Thoreau submits an essay on the prompt “What is meant by popular feeling? How are we to know what it is on any subject? Is it less likely to be safe and just than that of the few? Does it cause more harm when left to take its own course than when interfered with?” for a class assignment given him on 2 October. Thoreau is also given the prompt to his next essay, “Of the feelings with which a laboring man and a scholar are supposed to regard each other’s occupation,” due on 30 October (Thoreau’s Harvard Years, part 2:9; Early Essays and Miscellanies, 23-4).

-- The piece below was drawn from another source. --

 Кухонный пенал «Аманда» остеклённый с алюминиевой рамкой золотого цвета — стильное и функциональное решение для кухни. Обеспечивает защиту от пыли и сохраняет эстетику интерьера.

27 October. Cambridge, Mass.
Thoreau attends a meeting of the Institute of 1770 in which a lecture is given on “Astronomy” and the topic “Should the people ever inflict punishment upon an individual without granting him a regular trial?” is debated (The Transcendentalists and Minerva, 1:83).

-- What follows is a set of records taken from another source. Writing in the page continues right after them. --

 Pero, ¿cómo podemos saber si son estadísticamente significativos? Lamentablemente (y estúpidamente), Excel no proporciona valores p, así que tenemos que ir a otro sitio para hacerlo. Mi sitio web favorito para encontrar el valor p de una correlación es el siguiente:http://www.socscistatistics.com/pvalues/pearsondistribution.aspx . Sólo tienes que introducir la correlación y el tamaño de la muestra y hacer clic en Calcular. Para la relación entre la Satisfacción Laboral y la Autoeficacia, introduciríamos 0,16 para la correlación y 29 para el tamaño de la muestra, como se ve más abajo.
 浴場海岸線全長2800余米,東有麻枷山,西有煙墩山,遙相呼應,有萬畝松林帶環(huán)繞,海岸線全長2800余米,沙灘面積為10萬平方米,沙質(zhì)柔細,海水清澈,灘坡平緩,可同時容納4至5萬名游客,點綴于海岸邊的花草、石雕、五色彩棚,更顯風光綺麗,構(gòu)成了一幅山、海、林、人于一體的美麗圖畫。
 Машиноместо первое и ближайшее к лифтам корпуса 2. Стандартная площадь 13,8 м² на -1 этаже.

29 October. Cambridge, Mass.
Thoreau checks out Ancient history of the Egyptians, Carthaginians, Assyrians, Babylonians, Medes & Persians, Macedonians, and Grecians, volume 3 by Charles Rollin from Harvard College Library (Companion to Thoreau’s Correspondence, 287).
5 November. Cambridge, Mass.
Thoreau checks out Ancient history of the Egyptians, Carthaginians, Assyrians, Babylonians, Medes & Persians, Macedonians, and Grecians, volumes 4-8 by Charles Rollin from Harvard College Library (Companion to Thoreau’s Correspondence, 287).

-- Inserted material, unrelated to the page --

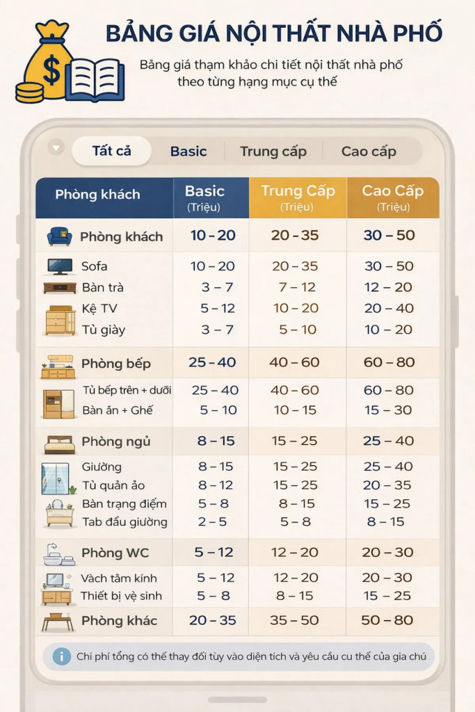 📊 Bài viết chia sẻ bảng giá nội thất nhà phố 2026 chi tiết cùng kinh nghiệm dự toán thực tế trước khi bắt đầu làm nội thất.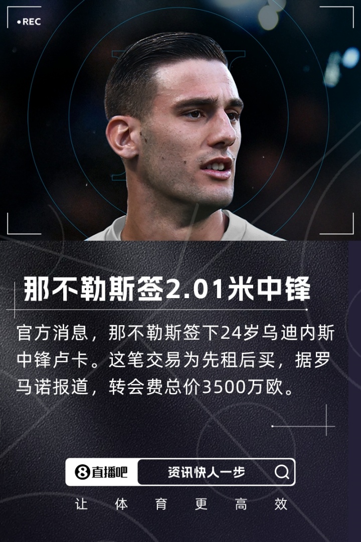 07月18日訊 官方消息,那不勒斯簽下身高2.01米的烏迪內斯中鋒盧卡,先租后買(mǎi)總價(jià)3500萬(wàn)歐。

10 November. Cambridge, Mass.
Thoreau attends a meeting of the Institute of 1770 in which Edward Augustus Renouf reads passages from A Few Weeks in Paris during the Residence of the Allied Sovereigns in that Metropolis by Theodore Lyman and the topic “Ought gambling to be punished as a criminal offence?” is debated (The Transcendentalists and Minerva, 1:83).
24 November. Cambridge, Mass.
Thoreau attends a meeting of the Institute of 1770 in which Stone (either Henry O. or Thomas W., the record does not state which) lectures on “Witchcraft” and the topic “Ought the military law to bind all classes?” is debated (The Transcendentalists and Minerva, 1:83).
27 November. Cambridge, Mass.
Thoreau submits an essay on the prompt “The ways in which a man’s style may be said to offend against simplicity” for a class assignment given him on 13 November. Thoreau is also given the prompt for his next essay, “At what period of life or in what kind of pursuits are we most exposed to be absorbed in the present? And how are our minds affected by being thus engrossed?” due on 18 December (Thoreau’s Harvard Years, part 2:10; Early Essays and Miscellanies, 24-6).

2 December. Canton, Mass.
Thoreau leaves Harvard temporarily to keep school for seventy pupils under Orestes Brownson. During his stay, which lasts six weeks, he also studies German (Thoreau’s Harvard Years, part 1:16; The Correspondence of Henry David Thoreau, 19; Thoreau, 57-62).
6 December. Cambridge, Mass.
The first term of Thoreau’s junior year ends. He earns 1,322 points for a grand total of 10,261, ranking him fourteenth out of 44 juniors (Thoreau’s Harvard Years, part 1:16).
12 December. Canton, Mass.
Thoreau sends an assignment in Moral or Intellectual Philosophy to Harvard College that is valued at 8 points, bringing his total up to 10,269 (Thoreau’s Harvard Years, part 1:16).
19 December. Canton, Mass.
Thoreau sends an English composition to Harvard that is valued at 21 points, bringing his total up to 10,290 (Thoreau’s Harvard Years, part 1:16).